In the study sample, 49.5% were male. More than half of the respondents reported to be married (66.9% versus 69.2% for males and females, respectively). Marital status did not significantly differ across the sexes. Age ranged from 18–100 years, with an average age of 41.3 years. The average annual income obtained from work was NGN466,468 (approximately USD7,745). A majority of respondents could write (81.0%) and 51.5% had completed secondary education. Almost half of the respondents was Muslim (48.2%) and 51.1% was Christian, among which 9.3% were Catholic. Yoruba was the most prevalent language (75.2%), followed by Igbo (18.1%).

HIV knowledge

Table 1 presents an overview of the HIV/AIDS knowledge and perception indicators for the complete sample and for males and females separately. The other HIV knowledge indicators are presented only for those respondents who reported to have heard of HIV/AIDS (indicated in the table by a left indent); 89.5% of the respondents reported to have heard of HIV/AIDS before. Among those respondents, the mean score on the HIV prevention knowledge indicator was 7.01. Only 8.0% was able to mention four prevention methods and 26.0% was able to mention three methods. For the HIV knowledge indicator based on the average score, 37.48% scored the maximum of two. Although the majority mentioned one ABC (82.2%), only a small minority mentioned all three ways to prevent HIV infection (5.3%). On the HIV transmission misperception indicator, 33.95% scored zero, ie, had no misperceptions on the formulated questions and only 1.28% had the maximum score of three. HIV stigma appeared to be highly prevalent among the respondents: 70.5% scored at least one, 41.6% scored at least two, and 11.5% scored at least three on the HIV stigma indicator.

Table 1.

HIV knowledge and behavior

Variable n Total sample M F P-value (H0: M = F)
Knowledge on the existence of HIV/AIDS
Never heard of HIV/AIDS 1929 10.5% 5.5% 15.3% 0.000*
HIV prevention knowledge#
 HIV prevention knowledge indicator, total score (0–11) 1657 7.01 7.15 6.85 0.017*
 HIV prevention knowledge indicator, average score (−1 to 2) 1657 1.43 1.52 1.33 0.000*
 a. Mentions abstaining from sex can prevent HIV contraction 1726 24.3% 22.7% 26.1% 0.101
 b. Mentions being faithful can prevent HIV contraction 1726 51.7% 50.4% 53.1% 0.270
 c. Mentions condoms can prevent HIV infection 1726 43.3% 54.3% 31.2% 0.000*
 Mentions one of the abc 1726 82.2% 87.1% 76.6% 0.000*
 Mentions abc 1726 5.3% 5.1% 5.6% 0.651
Does not know where to get condoms 1932 19.4% 9.4% 29.1% 0.000*
HIV-related perceptions
 HIV stigma indicator (0–4) 1723 2.09 2.04 2.16 0.023*
 HIV transmission misperception indicator (0–3) 1723 0.81 0.80 0.82 0.306
Risk perception of unprotected sex (1–7) 1914 5.46 5.52 5.40 0.258
HIV-related behavior
 HIV prevention indicator, total score (0–11) 1676 6.67 6.78 6.54 0.158
 HIV prevention indicator, average score (−1 to 2) 1676 1.33 1.43 1.22 0.000*
 a.
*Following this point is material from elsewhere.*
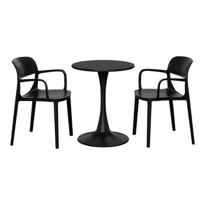 WestinTrends Playa 3-Piece Round Metal Bistro Dining Table Set And Stackable Resin Patio Dining Side Chairs

Mentions abstaining from sex to prevent HIV contraction 1726 17.1% 14.3% 20.2% 0.001*
 b. Mentions being faithful to prevent HIV contraction 1726 50.8% 49.4% 52.4% 0.225
 c. Uses condoms to prevent HIV 1726 37.1% 47.0% 26.3% 0.000*
Used condom during most recent sex 1961 18.9% 27.8% 10.1% 0.000*
Had more than one sexual partner in past year 1855 12.8% 23.8% 1.9% 0.000*
Married respondents that had more than one sexual partner in the past year 1258 10.5% 19.6% 1.9% 0.000*
HIV prevalence 964 1.45% 0.84% 2.06% 0.114

Notes:

Statistical differences based on Wilcoxon rank-sum test

*

significant results (P < 0.05)

these results are calculated only for those respondents who had ever heard of HIV (results including those who had never heard of HIV were also calculated, but this hardly changed the results). The difference in abstaining from sex became much less significant (P = 0.78).

#

Based on a subsample of those who had heard of HIV/AIDS.

Abbreviations: ABC, abstinence, be faithful, use a condom; AIDS, acquired immunodeficiency syndrome; F, female; HIV, Human immunodeficiency virus; M, male.

Figure 1 shows the distribution of the answers to the question on the perception of risk in having sex without a condom. About half of the respondents (49.8%) perceived unprotected sex as extremely risky. This was slightly higher among unmarried respondents (50.3%). On the other end of the spectrum, 7.5% of the unmarried respondents reported engaging in unprotected sex not to be risky at all compared to 15.6% of the married respondents.

Figure 1.

Figure 1

Response to risk perception of engaging in unprotected sex.

HIV knowledge and perception statistics across the sexes

Table 1 shows that there are significant differences between males and females on a number of HIV indicators with males generally scoring better. On the question whether the respondent had ever heard of HIV/AIDS, for example, more than 15% of the women answered negatively compared to 5.5% of the men. Among those respondents who had heard of HIV, males also scored significantly better on the prevention knowledge indicator. Men in particular had better knowledge on condoms: over 50% of them mentioned condoms as a way to prevent HIV infection, whereas only slightly over 30% of the women mention this as possible prevention measure. More males (87.1%) mentioned one ABC compared to females (76.6%; P < 0.0001). This result is mostly driven by knowledge of the prevention value of condoms. No significant difference between males and females was observed in the ability to mention abstaining from sex and being faithful. Nevertheless, information on HIV prevention seems to have reached the males better than the females in the studied sample.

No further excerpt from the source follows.